* [Provided data]
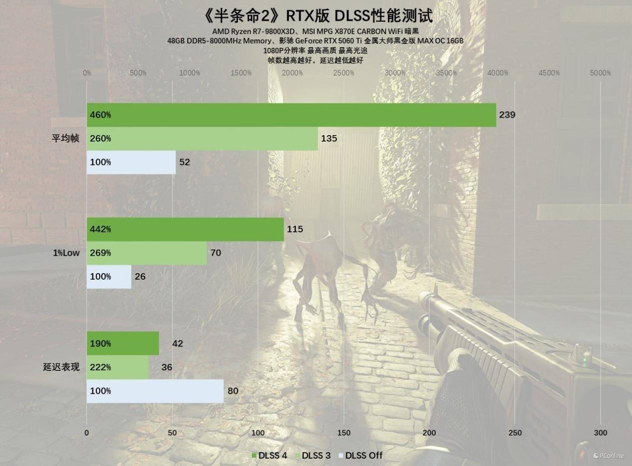 实测下来,只能说《半条命2》RTX版对硬件的开销极大,在原生1080P分辨率下,所有画质、光追均开至最高,不开启超分选项时,影驰GeForce RTX 5060 Ti 金属大师黑金版 MAX OC 16GB帧数为52 FPS,属于能玩但不够好玩的程度。在开启DLSS 3质量档以后,游戏帧数瞬间来到了135 FPS,体验都变得丝滑了许多,而继续开启DLSS 4质量档,游戏帧数又直接来到了239 FPS,对比原生1080P的表现,性能提升高达4.6倍!
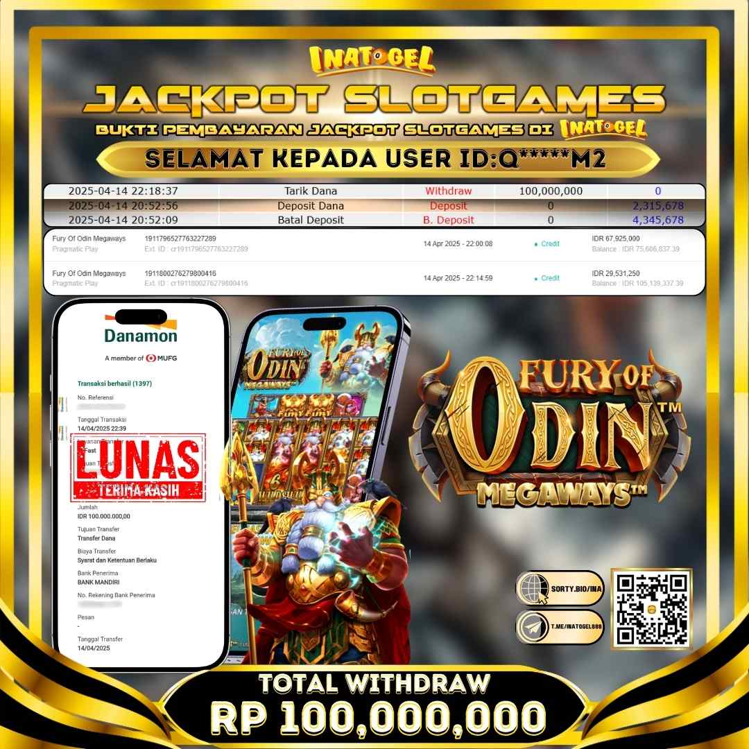 Selamat kepada UserId Q*****M2 telah berhasil mendapatkan kemenangan jackpot pada permainan Slot Game Fury Of Odin Megaways Inatogel sebesar Rp100,000,000,- . Inatogel situs terpercaya sejak dulu hingga saat ini , Untuk kemenangan berapapun pasti akan kami bayarkan . Jangan ragu bermain di Ina Togel . Kami pihak Inatogel Menyampaikan terima kasih kepada seluruh member Ina Togel yang telah Percaya dan setia Bersama kami bermain di Inatogel hingga saat ini.
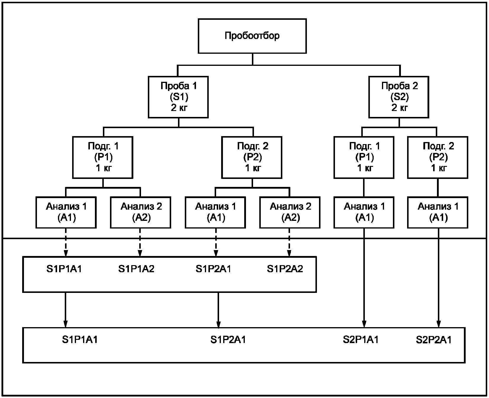 Применяемый план пробоотбора ЯМ определяет, что от каждого объекта пробоотбора (от каждой партии смешивания) отбирают одну случайную пробу S1 и выполняют однократную процедуру анализа по методике измерений.

* [Task instructions] Copy word for word every line from the one holding "Selamat kepada UserId" to the end of the listing, both ends included, but do not copy any pictures.

* [Output for this task]
 Selamat kepada UserId Q*****M2 telah berhasil mendapatkan kemenangan jackpot pada permainan Slot Game Fury Of Odin Megaways Inatogel sebesar Rp100,000,000,- . Inatogel situs terpercaya sejak dulu hingga saat ini , Untuk kemenangan berapapun pasti akan kami bayarkan . Jangan ragu bermain di Ina Togel . Kami pihak Inatogel Menyampaikan terima kasih kepada seluruh member Ina Togel yang telah Percaya dan setia Bersama kami bermain di Inatogel hingga saat ini.
 Применяемый план пробоотбора ЯМ определяет, что от каждого объекта пробоотбора (от каждой партии смешивания) отбирают одну случайную пробу S1 и выполняют однократную процедуру анализа по методике измерений.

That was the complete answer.